# How do I connect the M-Audio BX5 D2 speakers?



## shonor6

Hi. I just bought the BX5 D2's, but I can see that they haven't supplied any cables other than the power cordes. So how do I connect them to the a 3.5 headphone jack on my laptop? The manual isn't very "newbie friendly", talking about "balanced" and "unbalanced" connections, etc'. So which cables should I buy, and how should I connect them? Each speakers has one "XLR" and one "TRS" input.
   
  Thanks.


----------



## ProtegeManiac

If it has no RCA or phono, ie "unbalanced" inputs, you can't use just your laptop with them. Buy something like an M-Audio USB interface - essentially a USB DAC-ADC (ie, input-analog to digital/output-digital to analog converter) that has XLR outputs, these tend to be cheaper than USB input DACs with balanced outputs marketed as Hi-Fi equipment. They will look more like a control panel than a classy aluminum fascia on your desk but just think of the savings - HiFi stuff don't have entry-level units with balanced connections.
   
  I saw the other thread - you can just return them and get the Audioengine A5. The whole point with Audioengine is that they make passive speakers that are a no-brainer for mainstream users - ie, you don't really need to be a recording professional or Hi-Fi enthusiast to use* or enjoy** them.
   
   
  *RCA and 3.5mm phono inputs)
  **"dark" sound means you won't put up with a studio monitor revealing each and every sharp note played back from a few feet from your head


----------



## NAWilson9

You need a 3.5mm stereo to 2x 1/4" mono cable/adapter.
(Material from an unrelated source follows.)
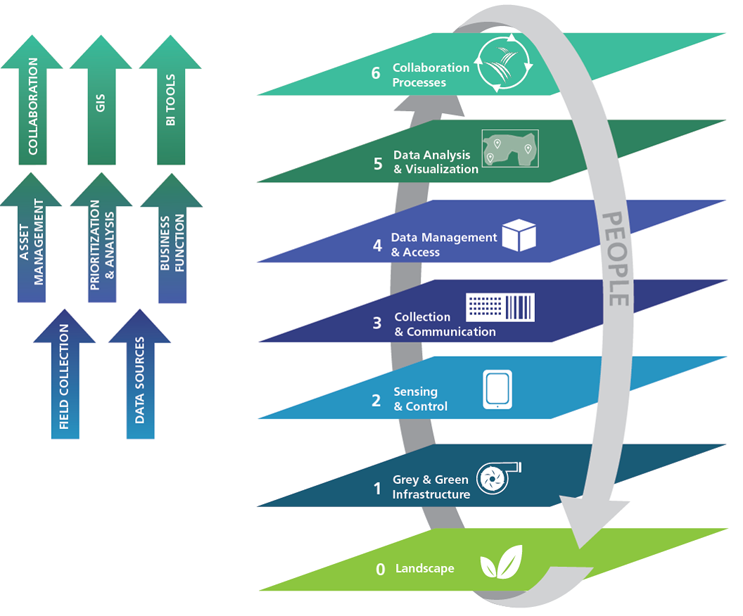 The Clean Water Services Knowledge Development Model (KDM), shown in Figure 2, was inspired by the SWAN Interactive Architecture Tool and helps explain how water industries can leverage the IoT to develop valuable knowledge about their watershed. Digital Solutions started from Layer 2 to Layer 5. Collaboration between District staff and partner agencies and organizations are captured in the highest level of the KDM. Internal and external stakeholders from across the watershed work together to understand engineered and natural systems and measure the effectiveness of the organization’s current practices and initiatives. A deeper knowledge of the watershed is developed from the effect of District efforts and are repeatedly measured and re-evaluated by stakeholders. Over time, this knowledge becomes foundational to the continued improvement of the organization’s operations and business towards watershed health.

Not sure if I described that right but this is what you need.


----------



## ProtegeManiac

Quote: 





nawilson9 said:


> You need a 3.5mm stereo to 2x 1/4" mono cable/adapter. Not sure if I described that right but this is what you need.


 
   
  @shonor6,
   
  Yes, you need something like this - check if the BX5 has one on each speaker and make sure they are labelled as "unbalanced" in the manual - chances are some manufacturers might have used stereo TRS sockets in each speaker, therefore  might still be balanced.


----------



## NAWilson9

Quote: 





protegemaniac said:


> @shonor6,
> 
> Yes, you need something like this - check if the BX5 has one on each speaker and make sure they are labelled as "unbalanced" in the manual - chances are some manufacturers might have used stereo TRS sockets in each speaker, therefore  might still be balanced.


 

 I have the BX5D2's and the cable I linked to. I know it will work. They have 1/4" unbalanced or balanced XLR's.


----------



## ognjen1983

I too have the same speakers. Although I am trying to connect them differently with no luck.
  
 I have a PCI ESI Juli@ sound card and RSA cables going out. On the other end of cables is RCA as well. As these speakers don't have RCA in but rather TRS or XLR, I have tried using RCA to TRS adaptor to solve the problem but am not getting any sound out of them. Checked that I have plugged in the RCA correctly into my sound card's LINE OUT R and LINE OUT L ports as well.
  
 Am I doing something wrong?


----------



## ProtegeManiac

If the TRS are labelled Balanced (instead of Unbalanced) then that might be the problem - RCA are unbalanced.


----------